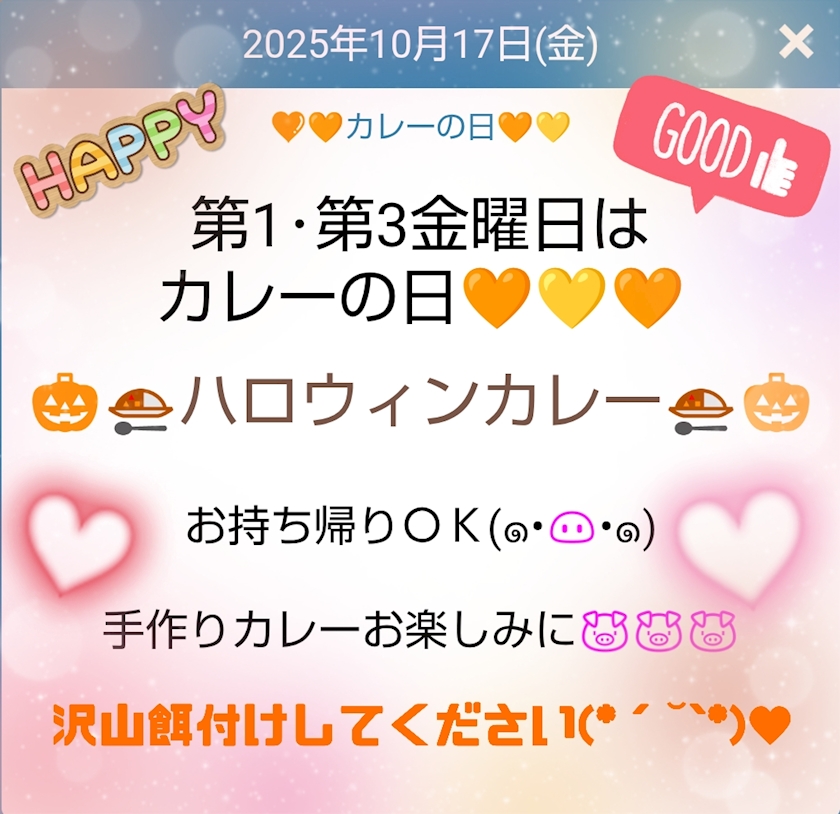 今夜は1年に1度の激レアカレー🍛です🎃👻🤎🧡 - まりあちゃん - ぽっちゃりバー らんでぶぅ・ランデブー - 古河・東口のガールズバー
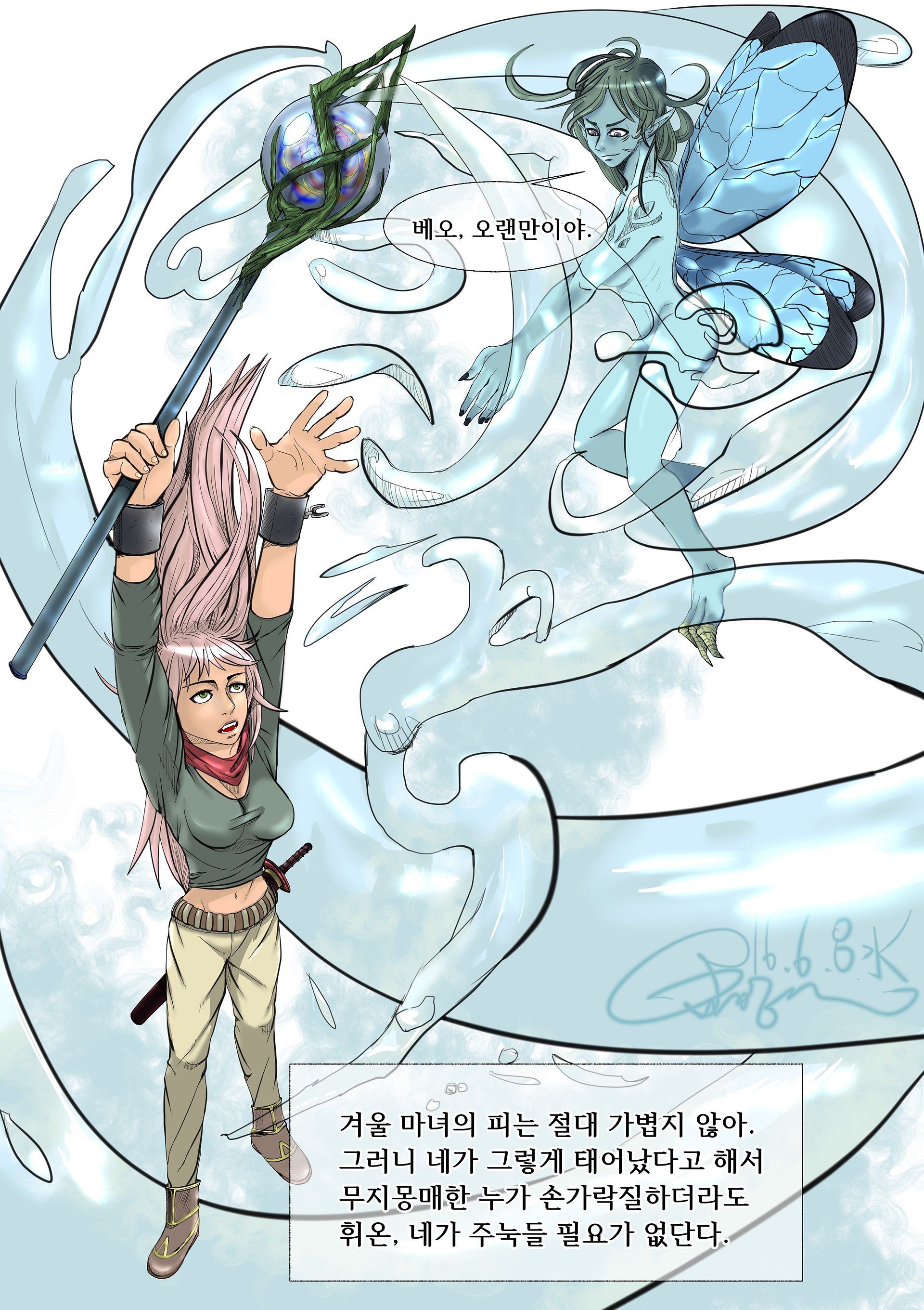 오늘 그림은 저번보다 좀 더 각도를 위로 올려서 주연 캐릭터(머리카락이 분홍색인)의 상체가 좀 더 부각되는 그림을 그려봤습니다.
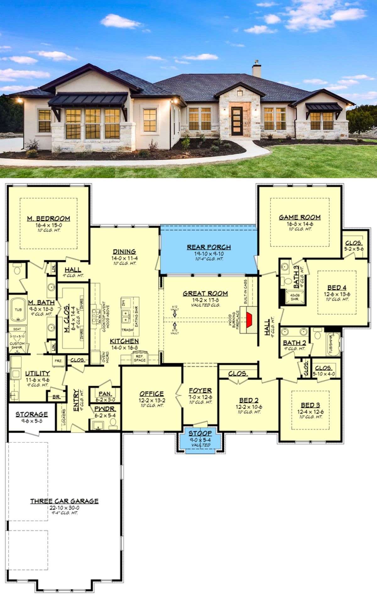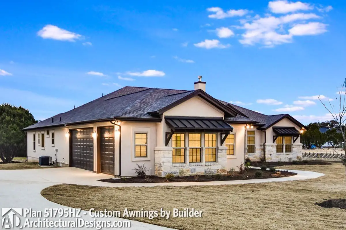 The exterior brings together stone and stucco for that ranch feel, while oversized flanking windows around the entry elevate it from “cute cottage” to “this is the one.” The landscaping? Optional. The swagger? Built-in.
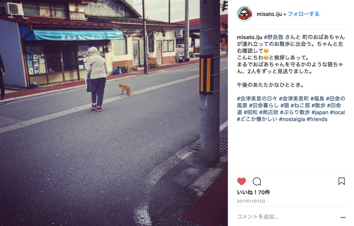 投稿の頻度は、自分たちの負担にならない程度に1日1〜2回ほど。昼間にiphoneで撮影を行い、ひと息ついた夜に写真を加工して投稿することが多いそう。まちの編集室で使っている「#会津美里の日々」に加え、英語のハッシュタグ「#kawaii」「#japantrip」などを添えて発信すると、海外の人々からの反応が増えると言います。最近では、会津美里町出身で今はまちから離れて暮らしている方から「懐かしい風景をありがとう」という嬉しい知らせが届くことも。

☆ ☆ ☆ ☆

EXERCISE OBJECTIVE: Extract, word for word, each line from the top of the data down to and including the line with "오늘 그림은 저번보다"; skip the pictures.

ANSWER FOR THIS EXERCISE:
 今夜は1年に1度の激レアカレー🍛です🎃👻🤎🧡 - まりあちゃん - ぽっちゃりバー らんでぶぅ・ランデブー - 古河・東口のガールズバー
 오늘 그림은 저번보다 좀 더 각도를 위로 올려서 주연 캐릭터(머리카락이 분홍색인)의 상체가 좀 더 부각되는 그림을 그려봤습니다.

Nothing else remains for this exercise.